MRC Clinical Trials Unit at UCL, Institute of Clinical Trials and Methodology, 90 High Holborn, London, WC1V 6LJ, UK.
Trials. 2020 Apr 6;21(1):315. doi: 10.1186/s13063-020-4153-2.
The logrank test is routinely applied to design and analyse randomized controlled trials (RCTs) with time-to-event outcomes. Sample size and power calculations assume the treatment effect follows proportional hazards (PH). If the PH assumption is false, power is reduced and interpretation of the hazard ratio (HR) as the estimated treatment effect is compromised. Using statistical simulation, we investigated the type 1 error and power of the logrank (LR)test and eight alternatives. We aimed to identify test(s) that improve power with three types of non-proportional hazards (non-PH): early, late or near-PH treatment effects.
We investigated weighted logrank tests (early, LRE; late, LRL), the supremum logrank test (SupLR) and composite tests (joint, J; combined, C; weighted combined, WC; versatile and modified versatile weighted logrank, VWLR, VWLR2) with two or more components. Weighted logrank tests are intended to be sensitive to particular non-PH patterns. Composite tests attempt to improve power across a wider range of non-PH patterns. Using extensive simulations based on real trials, we studied test size and power under PH and under simple departures from PH comprising pointwise constant HRs with a single change point at various follow-up times. We systematically investigated the influence of high or low control-arm event rates on power.
With no preconceived type of treatment effect, the preferred test is VWLR2. Expecting an early effect, tests with acceptable power are SupLR, C, VWLR2, J, LRE and WC. Expecting a late effect, acceptable tests are LRL, VWLR, VWLR2, WC and J. Under near-PH, acceptable tests are LR, LRE, VWLR, C, VWLR2 and SupLR. Type 1 error was well controlled for all tests, showing only minor deviations from the nominal 5%. The location of the HR change point relative to the cumulative proportion of control-arm events considerably affected power.
Assuming ignorance of the likely treatment effect, the best choice is VWLR2. Several non-standard tests performed well when the correct type of treatment effect was assumed. A low control-arm event rate reduced the power of weighted logrank tests targeting early effects. Test size was generally well controlled. Further investigation of test characteristics with different types of non-proportional hazards of the treatment effect is warranted.

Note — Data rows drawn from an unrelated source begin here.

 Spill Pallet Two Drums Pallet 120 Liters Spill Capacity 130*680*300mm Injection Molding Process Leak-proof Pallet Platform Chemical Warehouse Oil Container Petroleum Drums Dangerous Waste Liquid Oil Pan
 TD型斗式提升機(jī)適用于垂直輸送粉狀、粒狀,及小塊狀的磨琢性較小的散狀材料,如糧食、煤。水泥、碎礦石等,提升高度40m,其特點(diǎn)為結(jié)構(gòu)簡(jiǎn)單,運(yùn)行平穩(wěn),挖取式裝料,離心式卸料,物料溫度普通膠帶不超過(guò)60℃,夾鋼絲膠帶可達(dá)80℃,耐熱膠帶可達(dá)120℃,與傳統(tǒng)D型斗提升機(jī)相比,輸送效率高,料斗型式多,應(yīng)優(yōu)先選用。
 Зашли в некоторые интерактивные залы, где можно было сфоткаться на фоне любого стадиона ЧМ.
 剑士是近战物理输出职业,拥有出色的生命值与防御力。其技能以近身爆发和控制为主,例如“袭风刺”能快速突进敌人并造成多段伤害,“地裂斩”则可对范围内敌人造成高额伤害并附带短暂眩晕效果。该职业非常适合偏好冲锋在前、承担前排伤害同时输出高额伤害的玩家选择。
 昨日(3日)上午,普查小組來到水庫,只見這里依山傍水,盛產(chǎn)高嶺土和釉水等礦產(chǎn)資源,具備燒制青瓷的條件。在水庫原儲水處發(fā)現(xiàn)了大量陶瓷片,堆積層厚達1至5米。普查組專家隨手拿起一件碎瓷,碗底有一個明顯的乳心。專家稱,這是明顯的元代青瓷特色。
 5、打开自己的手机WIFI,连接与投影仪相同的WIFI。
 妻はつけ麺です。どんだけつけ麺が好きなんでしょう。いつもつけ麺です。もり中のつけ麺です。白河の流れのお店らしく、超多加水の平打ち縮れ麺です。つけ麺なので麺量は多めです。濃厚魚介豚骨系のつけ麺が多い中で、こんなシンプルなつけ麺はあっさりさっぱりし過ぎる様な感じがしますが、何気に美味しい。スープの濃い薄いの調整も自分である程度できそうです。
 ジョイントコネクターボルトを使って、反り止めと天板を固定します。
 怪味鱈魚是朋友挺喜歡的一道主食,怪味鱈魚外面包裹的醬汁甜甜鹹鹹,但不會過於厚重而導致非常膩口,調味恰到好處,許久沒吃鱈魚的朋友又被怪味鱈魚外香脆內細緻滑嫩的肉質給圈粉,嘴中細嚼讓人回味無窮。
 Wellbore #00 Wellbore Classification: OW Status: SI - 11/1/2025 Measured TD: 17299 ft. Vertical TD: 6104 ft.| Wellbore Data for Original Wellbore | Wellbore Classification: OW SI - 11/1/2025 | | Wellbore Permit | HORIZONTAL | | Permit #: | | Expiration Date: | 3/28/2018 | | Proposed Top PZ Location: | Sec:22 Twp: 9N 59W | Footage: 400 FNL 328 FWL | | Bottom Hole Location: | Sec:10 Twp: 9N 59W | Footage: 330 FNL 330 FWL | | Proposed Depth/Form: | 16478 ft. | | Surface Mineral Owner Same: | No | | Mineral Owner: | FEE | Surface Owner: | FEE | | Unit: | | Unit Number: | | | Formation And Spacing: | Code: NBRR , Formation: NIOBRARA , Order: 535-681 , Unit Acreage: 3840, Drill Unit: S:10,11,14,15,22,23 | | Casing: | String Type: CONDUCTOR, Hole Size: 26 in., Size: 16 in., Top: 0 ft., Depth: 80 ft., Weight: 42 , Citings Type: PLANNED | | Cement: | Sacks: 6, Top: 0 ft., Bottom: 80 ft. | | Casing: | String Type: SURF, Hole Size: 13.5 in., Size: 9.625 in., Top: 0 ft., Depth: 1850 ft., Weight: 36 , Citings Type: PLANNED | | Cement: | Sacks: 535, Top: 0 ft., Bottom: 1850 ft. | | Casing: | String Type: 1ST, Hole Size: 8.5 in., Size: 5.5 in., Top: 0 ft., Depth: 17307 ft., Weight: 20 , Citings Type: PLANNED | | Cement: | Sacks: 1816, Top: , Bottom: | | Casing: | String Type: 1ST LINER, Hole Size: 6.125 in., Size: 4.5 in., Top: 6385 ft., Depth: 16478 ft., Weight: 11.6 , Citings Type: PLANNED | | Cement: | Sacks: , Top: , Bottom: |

对数秩检验常用于设计和分析具有时间事件结局的随机对照试验(RCT)。样本量和功效计算假设治疗效果遵循比例风险(PH)。如果 PH 假设不成立,则功效降低,并且危害比(HR)作为估计治疗效果的解释受到影响。本研究通过统计模拟,比较了对数秩(LR)检验和八种替代检验在处理三种非比例风险(非 PH)时的Ⅰ类错误和功效,旨在寻找提高具有早期、晚期或接近 PH 治疗效果的非 PH 类型功效的检验。
我们研究了加权对数秩检验(早期,LRE;晚期,LRL)、最大对数秩检验(SupLR)和复合检验(联合,J;联合,C;加权联合,WC;通用和改良通用加权对数秩,VWLR,VWLR2),它们都有两个或多个组成部分。加权对数秩检验旨在对特定的非 PH 模式敏感。复合检验试图在更广泛的非 PH 模式范围内提高功效。我们基于真实试验进行了广泛的模拟研究,研究了 PH 下和简单的 PH 偏离下(包括在不同随访时间点具有单一变化点的恒 HR)的检验效能和功效。我们系统地研究了高或低对照组事件率对功效的影响。
在没有先验治疗效果类型的情况下,首选检验是 VWLR2。如果预期有早期效果,可接受功效的检验是 SupLR、C、VWLR2、J、LRE 和 WC。如果预期有晚期效果,可接受的检验是 LRL、VWLR、VWLR2、WC 和 J。在接近 PH 情况下,可接受的检验是 LR、LRE、VWLR、C、VWLR2 和 SupLR。所有检验的Ⅰ类错误均得到很好的控制,仅显示出与名义 5%的轻微偏差。HR 变化点相对于对照组事件累积比例的位置极大地影响了功效。
在不知道可能的治疗效果的情况下,最好的选择是 VWLR2。当假设正确的治疗效果类型时,几种非标准检验表现良好。低对照组事件率降低了针对早期效果的加权对数秩检验的功效。检验效能通常得到很好的控制。需要进一步研究不同类型的治疗效果非比例风险的检验特征。